Friday, September 27, 2013

Looking to block Obamacare, the GOP is a party in search of a strategy

Win McNamee/Getty Images - Speaker of the House John Boehner speaks at a news conference at the U.S. Capitol Sept. 26, 2013 in Washington, D.C. Also pictured are (L-R) House Majority Whip Kevin McCarthy (R-Calif.) and House Majority Leader Eric Cantor (R-Va.).

Congressional Republicans have become a party of grievances in search of a strategy.  Their first grievance is with President Obama’s Affordable Care Act, the single most unifying issue for a party that has been showing signs of divisions all year. Rank-and-file Republicans, especially those who are aligned with the tea party movement, despise the new health-care law. Their anger has welled up to force GOP leaders to respond with ever-riskier strategies to delay, defund or in some other way disrupt the imminent implementation of the legislation.
Their second grievance is with Obama, and his steadfast resistance to negotiate with them on any aspect of the health-care law. The president may unilaterally decide to delay this or that part of the measure, as he did again on Thursday with a small portion of the implementation plan. But he doesn’t want Republicans to touch it. Each time he makes a change, his unwillingness to engage only infuriates them more.

The antagonism between Obama and the Republicans was on full display Thursday. House GOP leaders went before the cameras to offer their latest ideas on funding the government, defunding or delaying Obamacare, and dealing with the day next month when the government is set to run out of borrowing authority.

Suddenly it seemed like the summer of 2011 on steroids. House Speaker John A. Boehner (R-Ohio) and others seemed to up the ante again in their quest to stop Obamacare and to force the president to yield. Not only did they continue on a path that could lead to a partial government shutdown on Tuesday, they also signaled that they are ready for another confrontation in mid-October over the debt ceiling, with a list of demands for the president.

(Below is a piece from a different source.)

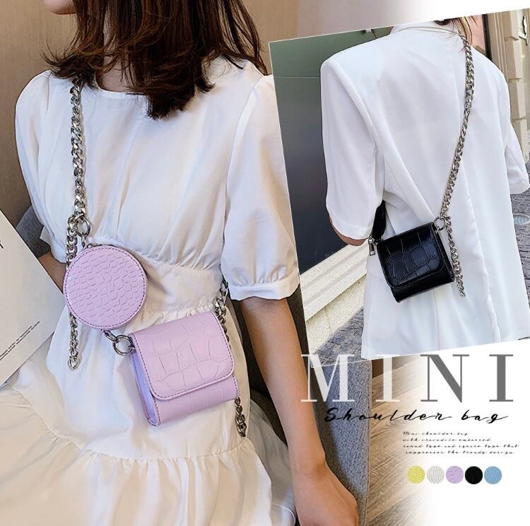トレンドのデザインをおさえたクロコ型押しラウンド型と四角型連れてミニショルダーバック

An hour or so later, Obama responded at an appearance at Prince George’s Community College in Largo. Rather than trying to tamp down on partisan rhetoric or lower temperatures, he did the opposite, repeatedly waving red flags at the Republicans.

He taunted them and ridiculed them. He said they are obsessed with his health-care law and described some of their objections and characterizations as “crazy” talk. “The closer we get [to implementation], the more desperate they get,” he said. “I mean, over the last few weeks the rhetoric has just been cranked up to a place I’ve never seen before.” 

He questioned Republicans’ real motivation in seeking to stop it, saying they are more worried about the possibility that it might work than they are by their assertion that it could wreck the country. “If it was as bad as they said it was going to be, then they could just go ahead and let it happen and then everybody would hate it so much, and then everybody would vote to repeal it, and that would be the end of it,” he said. “So what is it that they’re so scared about?”

Obama also was defiant in reasserting that he will not negotiate over raising the federal debt ceiling, as he had told Boehner in a recent telephone call. He said he would not give in to “blackmail” on issues that he said have nothing to do with the budget. “I will not negotiate on anything when it comes to the full faith and credit of the United States of America,” he said to applause. “We’re not going to submit to this kind of total irresponsibility.”

Then on Thursday morning, Boehner signaled a double-barreled approach: continuing the fight over the bill to keep the government funded and to defund Obamacare while moving forward on a debt ceiling measure that included various other proposals, such as delaying Obamacare, putting tax reform on a fast track and building the Keystone XL oil pipeline.
 
Moving quickly on the debt ceiling was aimed in part at creating wiggle room for the final stages of the battle over funding the government or, failing that, entering a partial shutdown. What was clear was that House leaders continue to try to calibrate how much leeway they have, given the insistence and persistence of the most conservative elements of their conference.

Republicans point to some public polling as evidence that they can prevail in a showdown with Obama over the debt ceiling. A Bloomberg News poll showed that about six in 10 Americans believe that because Congress lacks discipline, it’s better to include spending cuts on a bill to raise the borrowing limit, rather than simply pass a clean version of the measure.

Republicans interpret that finding and conclude that Obama will be viewed as the unreasonable partner if there is a default. Perhaps. Last time, both sides ended up with debris on them when the public turned on Washington’s dysfunctional climate. That might be the best Republicans can hope for — but are they willing to take the government over a cliff to test it?

Republicans clearly lack the votes to win the first battle that will play out through the weekend. Whether they have the will and the unity to take the debt ceiling issue to the brink remains unclear. Right now they are scrambling by the hour, with no clear road map to guide them.